In last year’s court decision the court ruled against UHC in its overpayment recoupment practice: “To be sure, as previously discussed, United’s recoupment procedures violate three specific ERISA regulations across the class.” according to the court document. “In 2011, United recovered approximately $430 million in overpayments to providers. 58% of the $430 million was recovered as a result of providers’ voluntarily sending a check to United, while 42% was recovered through offsets”, according to the court document. “However, they all violate ERISA in three respects. First, they fail to provide “[a] description of the plan’s review procedures and the time limits applicable to such procedures, including a statement of the claimant’s right to bring acivil action under section 502(a) of [ERISA] following an adverse benefit determination on review.” 29 C.F.R. § 2650.503-1(g)(1)(iv).25 Second, they fail to indicate that the provider, “upon request and free of charge, [will have] reasonable access to, and copies of, all documents, records, and other information relevant to the” overpayment determination. 29 C.F.R. §2650.503-1(h)(2)(ii). Third, they fail to “[p]rovide claimants at least 180 days following receipt of a notification of an adverse benefit determination within which to appeal the determination.” 29 C.F.R. § 2650.503-1(h)(3)(i).” according to the court document.
In the new UHC provider class-action, healthcare providers alleged additional ERISA violations by UnitedHhealthcare Group for withholding and offsetting newly adjudicated claim payments from one patient to satisfy another alleged overpayment in the past from other unidentified patients which in some cases are members of a completely separate plan, in violation of ERISA.
Additionally, the new lawsuit alleges that UHC misled patients and the plan sponsors on patient EOB’s that indicated “payment made to provider”, when in truth and in fact no such payment was ever made to the providers, according to the Court Complaint.
In particular, the plaintiff Lutz Surgical Partners alleged the following:
“For example, ……Instead, United identified a different United Insured covered by a different United Plan who had been treated by Lutz on December 16, 2012. According to the PEOB, United caused that United Plan to pay Lutz $19,460.00 for this treatment which was now characterized by United as the “ORIGINAL OVERPAYMENT AMOUNT.” The PEOB then explained that the entire amount owed to Lutz for the services provided to the June 12, 2013 patient ($2,700.00) was being unilaterally offset against the prior alleged overpayment relating to the December 16, 2012 patient ($19,460.00), with the added explanation that “THIS REPRESENTS PREVIOUS BENEFITS THAT WERE PAID IN ERROR.” United therefore reported that the “TOTAL PAID TO THE PROVIDER” for services rendered to the June 12, 2013 patient was $0.00. In the “REMARKS” section of the PEOB, United stated: “The amount payable for this Explanation of Benefits has been used to reduce an overpayment made on the given claim(s). Please adjust your patient account balance accordingly.” according to the court document.

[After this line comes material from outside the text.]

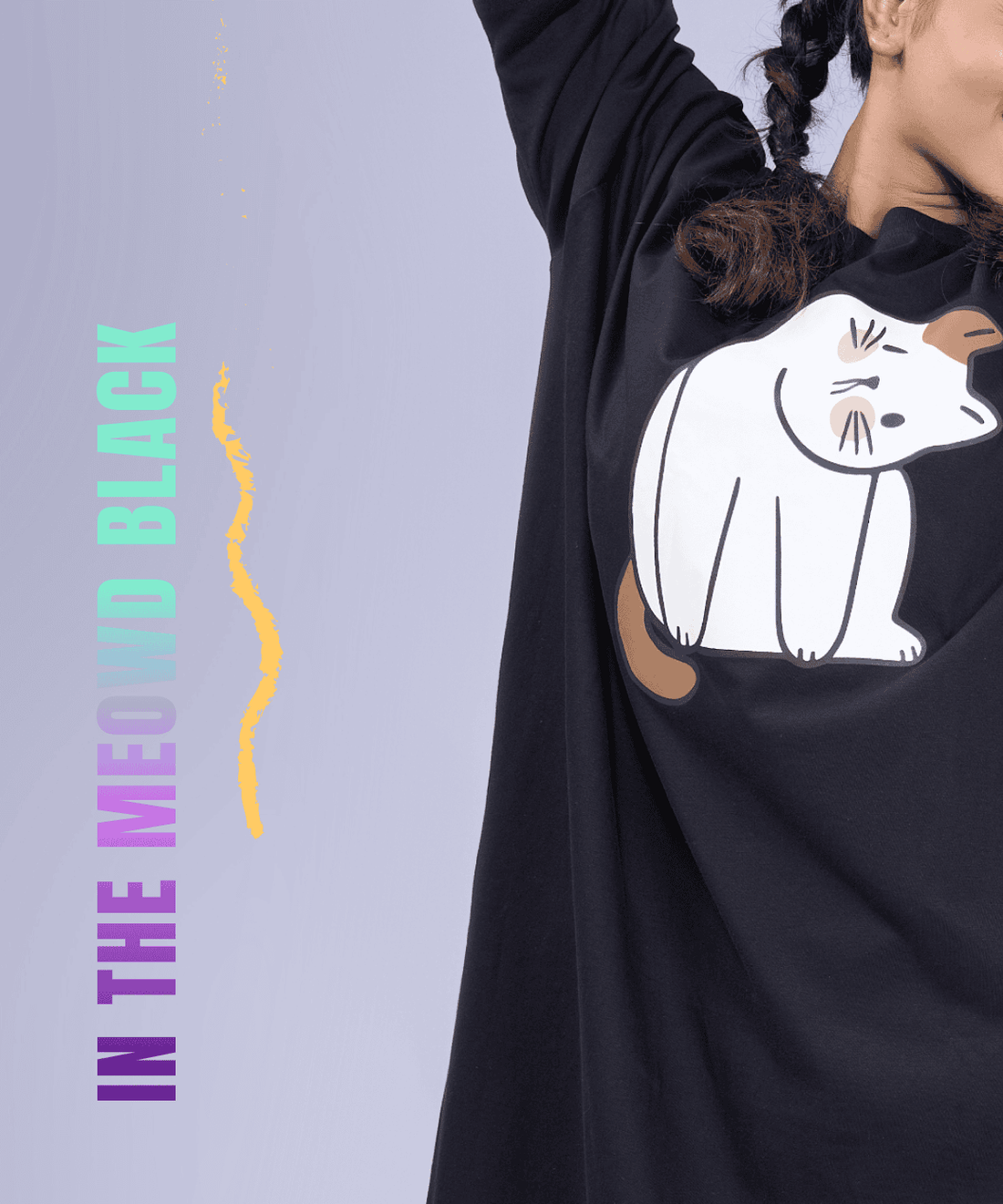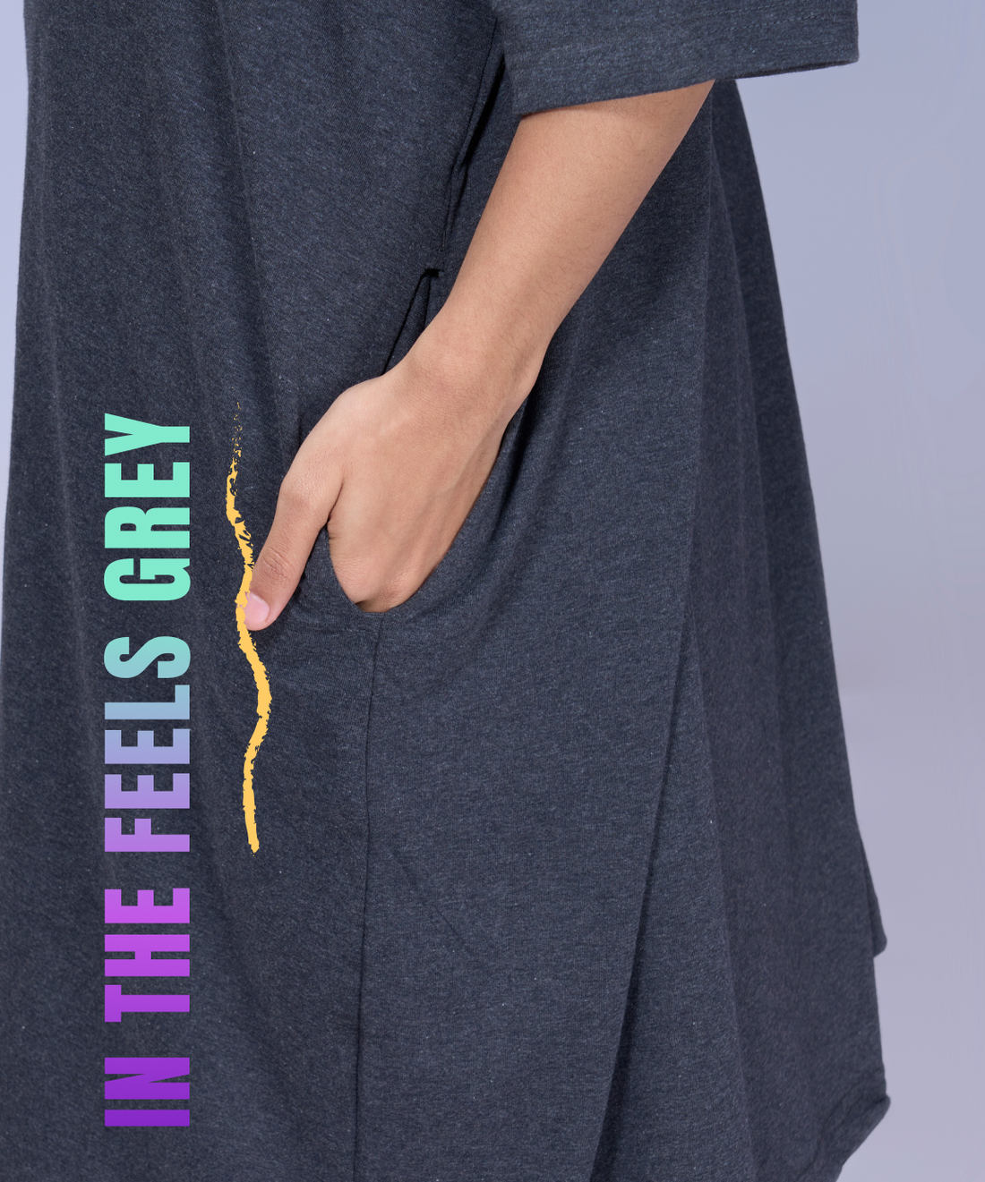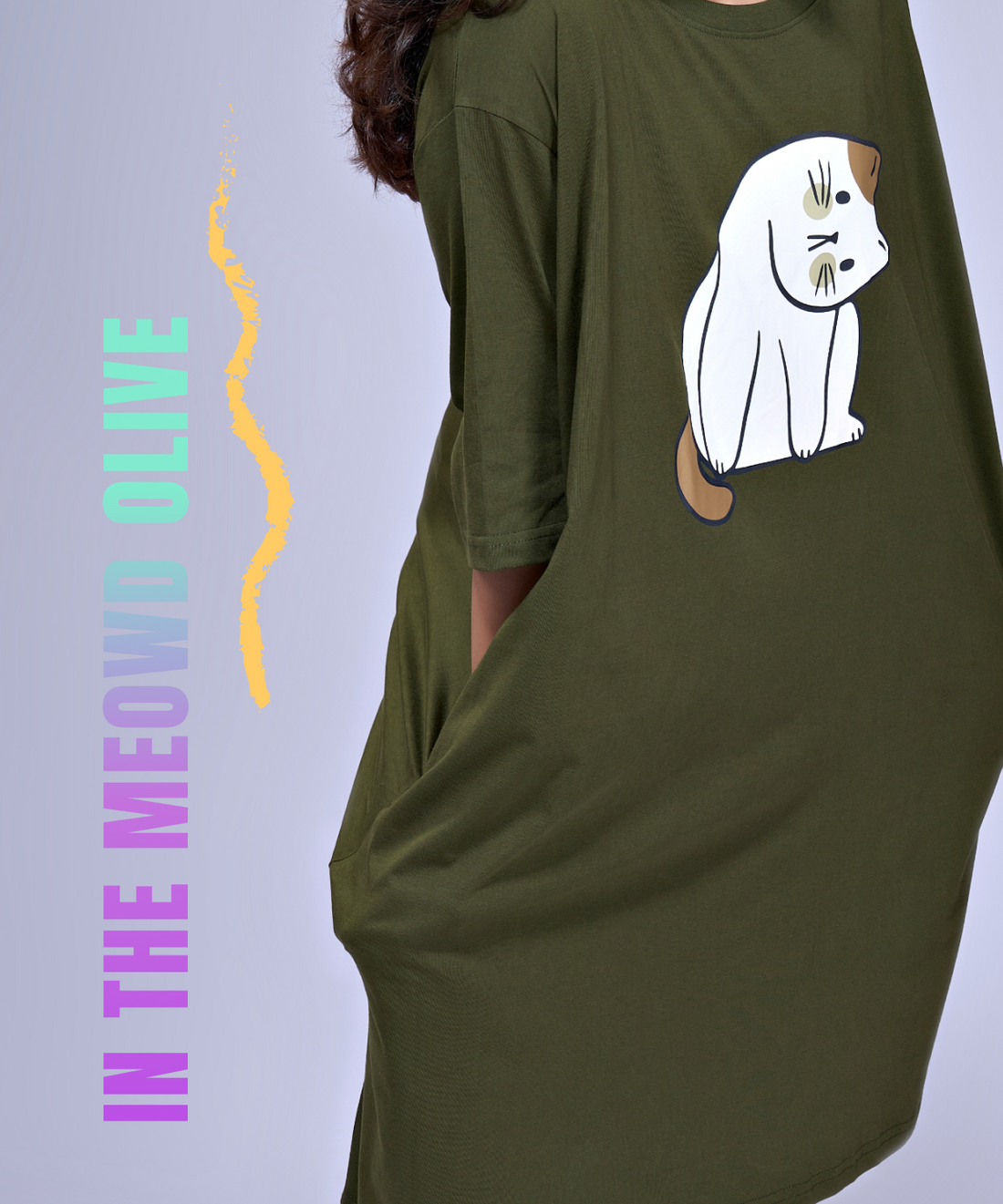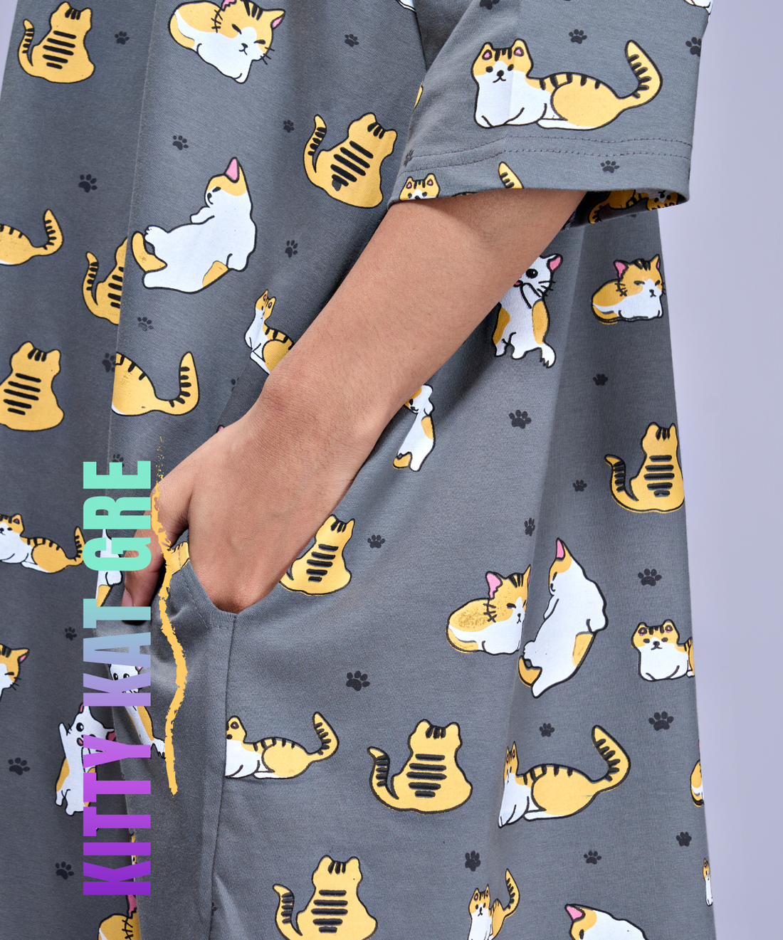 Kitty Kat Grey Oversized Printed Pocket Tee

As more and more of these cases make their way through the courts, it is clear that the questionable or “legal gray area” of overpayment recoupment practices engaged in by many of the nation’s biggest insurance carriers, effectively triggers ERISA appeal rights. Insurers and Health Plans will be forced to comply with all applicable federal laws, ERISA and PPACA claims regulations, as well as statutory fiduciary duties before recouping one single dollar. Providers or patients that face UHC or any payor recoupments or offsets would do well to understand the implications of these lawsuits as well as their rights under ERISA.